As a platform focused on enhancing the representation of South Asian women, SEEMA takes particular pride on celebrating Women’s History Month and International Women’s Day. March also marks the launch of SEEMA, and this year the magazine celebrates its third anniversary.
Time flies but progress is gradual. Women of South Asian origin are making great strides in all walks of life, as our feature on 50 women making history on page 8 demonstrates. In myriad fields of arts, science, business, politics and philanthropy, South Asian women are making history with their contributions as they step into their fifth decade and beyond, debunking the myth that age is a barrier to your career.
We take heart in how far we have come in our chosen profession, and that’s laudable. But where is the sisterhood? As first-generation immigrant women we have succeeded, but how do we secure the future, and enhance representation for our community as a whole? How do we work together to create a unified vision for South Asian women and converge on collective action that we can take to open doors and mentor the next generation?
Over the past three years, we have interviewed and talked to more than a thousand women; in the past three months the likes of the iconic Indra Nooyi, former chairman and CEO of PepsiCo; and in this issue the strong and resilient Huma Abedin, one of Hillary Clinton’s closest aides.
We have our work cut out for us. We need to define who we are and define a collective vision and plan of action. Our individual successes are great examples to model, but we need to graduate to a more organized and systematic way to ensure representation for women of the South Asian diaspora. We need to make our voices count, and it can only be heard if we roar in unison and not whisper as individuals.
As Huma Abedin says in her interview on page 50, let’s make this the year we say yes (like Shonda Rhimes). Let’s claim our narrative, and write our own history.
As we honor women this month, which doubles as our anniversary, let’s use the lessons from women’s history to define our action plan for what we need to do about the next 10, 20, 50 years so that we can secure the future for South Asian women and girls.

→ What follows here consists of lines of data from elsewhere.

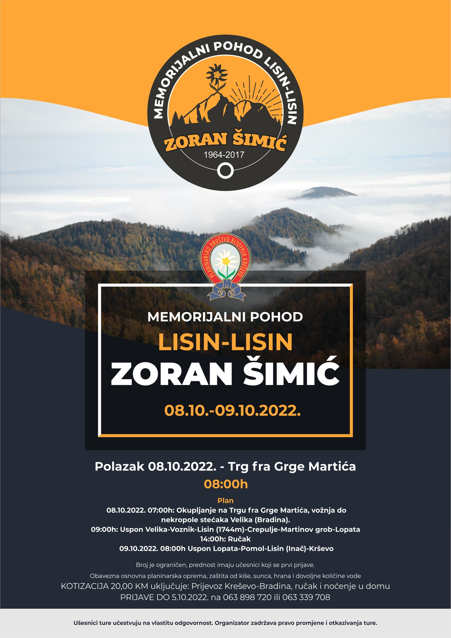 Planinarsko društvo “Bitovnja” organizira dvodnevni memorijalni pohon Lisin-Lisin “Zoran Šimić”.
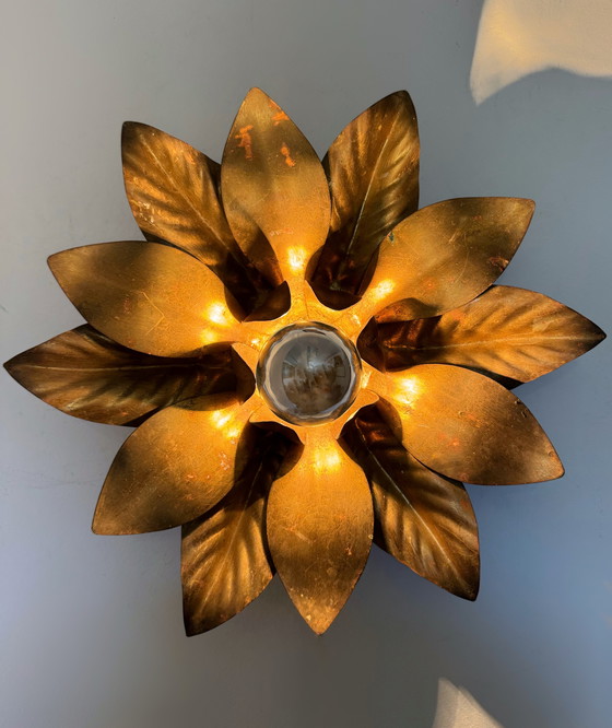 Beautiful 1970s flower wall or ceiling light with gold leaf petals in the style of Hans Kogl, in good overall condition (the patina adds to its charm), for a standard screw-in bulb.
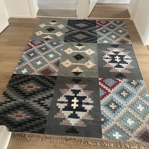 Modern Dhurry villamatto on kevyt ja käsinkudottu iso matto 160 x 230 cm. Matto on molemmin puolin pidettävä.
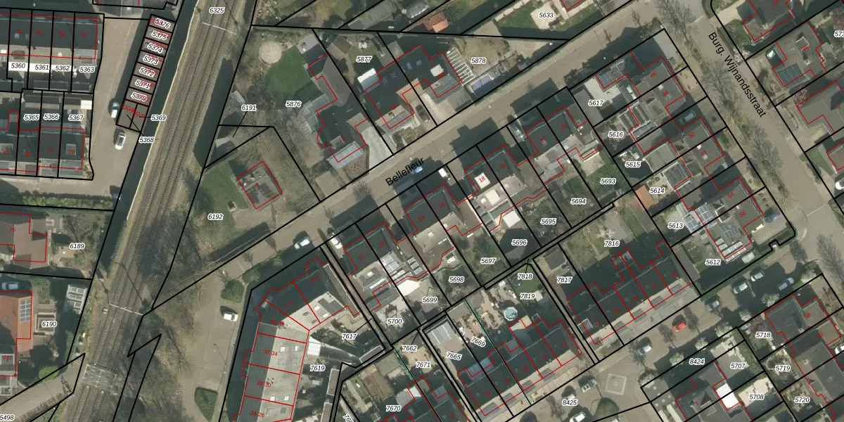 Gebruik de zoekbalk of klik op een perceel voor informatie over de adressen binnen dit perceel.

Do take time to read the interview with Huma, whose name means “phoenix” in Urdu, and who rose from the ashes of a failed marriage to tell her story. Hers is a story of courage, faith and resilience. Also, do check out the feature on the 50 women over 50. Curated by the SEEMA team, this is a collection of women we have interviewed or featured, and who are stepping into their fifth decade and beyond, all the time redefining leadership and making a difference for all women overall, including those of our community.
Finally, we at SEEMA also say a prayer for the people of Ukraine. We symbolically hold up the blue and yellow in solidarity with the people – including the women and children – of Ukraine.